Try to get coconut oil and lard locally.


----------



## shunt2011 (May 7, 2017)

You can get lard, coconut, olive and castor oil  at Walmart.  If you have a Big Lots they also have coconut.  Otherwise any reputable soapmaking company.  Just check around for who has the best prices with shipping to you.  Welcome!!!


----------



## navigator9 (May 7, 2017)

I get olive oil at Costco, I buy 50lb. pails of coconut and PKO flakes from https://soaperschoice.com/  They do have smaller amounts, too. Good prices, very reliable, fast shipping. Probably more economical for large amounts, though.


----------



## dixiedragon (May 7, 2017)

Where are you located?

Brambleberry has a great kit for beginners - the Natural Soap kit. It includes a mold, a scale, ingredients, lye, goggles - all you provide is water and a stick blender and a bowl.


----------



## Zany_in_CO (May 7, 2017)

navigator9 said:


> i get olive oil at costco, i buy 50lb. Pails of coconut and pko flakes from https://soaperschoice.com/  they do have smaller amounts, too. Good prices, very reliable, fast shipping. Probably more economical for large amounts, though.

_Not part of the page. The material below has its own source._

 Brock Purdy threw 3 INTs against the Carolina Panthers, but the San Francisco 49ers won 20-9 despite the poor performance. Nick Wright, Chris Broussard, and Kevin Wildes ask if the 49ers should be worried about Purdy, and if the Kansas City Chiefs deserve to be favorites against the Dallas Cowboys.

ditto  ^^^^^ I get my pomace olive oil, castor oil, palm oil, butters from soapers choice also. For smaller 8 oz or 16 oz bottles of specialty oils like Almond, Avocado, Borage, Flaxseed, Sesame, Hemp, etc. -- Spectrum Brand at the grocery store or health food store.

LYE

UK
https://mistralni.co.uk/collections/alkalis

AL
http://www.dudadiesel.com/search.php?query=%2Bsodium+%2Bhydroxide

NY    
www.thelyeguy.com

CALIFORNIA
www.essentialsbycatalina.com

RJ SOAPER'S SUPPLY
http://www.soaperssupplies.com/store/lye-sodium-hydroxide

ILLINOIS    
http://www.boyercorporation.com/

INDIANA
http://www.the-soap-dish.com/caustics.htm

OHIO
http://www.bulkapothecary.com

FLORIDA
http://www.camdengrey.com

WA
http://www.brambleberry.com/

TX -- Deleted a Soapy Sailor


----------



## Susie (May 7, 2017)

Zany_in_CO said:


> TX
> http://www.asoapysailor.com/index.html




This is not coming up as a valid link for me.


----------



## dibbles (May 7, 2017)

Also, if you have access to Costco, I just saw the one where I shop has started carrying 1 gal. pails of coconut oil. I get my olive oil and avocado oil there as well.


----------



## Relle (May 7, 2017)

Where in the world are you ? that will help people to give you suggestions or you can go through the Shopping Recommendations posts and have a look.


----------



## Zany_in_CO (May 7, 2017)

Susie said:


> This is not coming up as a valid link for me.


It didn't work for me either, Susie. I deleted it. Thanks for the head's up. :wave:


----------



## Sharryn (May 8, 2017)

But be aware that Brambleberry is S L O W at getting orders out to you.  So if you're in a hurry for something you may want to try elsewhere.


----------



## drunkonlife (May 8, 2017)

I'm new too but I got the majority of my stuff at BulkApothecary.  Brambleberry is slow....


----------



## soaperwoman (May 8, 2017)

I'm an amazon girl. You can find the best prices and delivered to your door, come on. You still need to do research though to make sure you get the best products for the money.


----------



## Scooter (May 9, 2017)

Costco for CO, OO, AO. Butters from ED. NaOH from ED but awaiting a supply from NG.


----------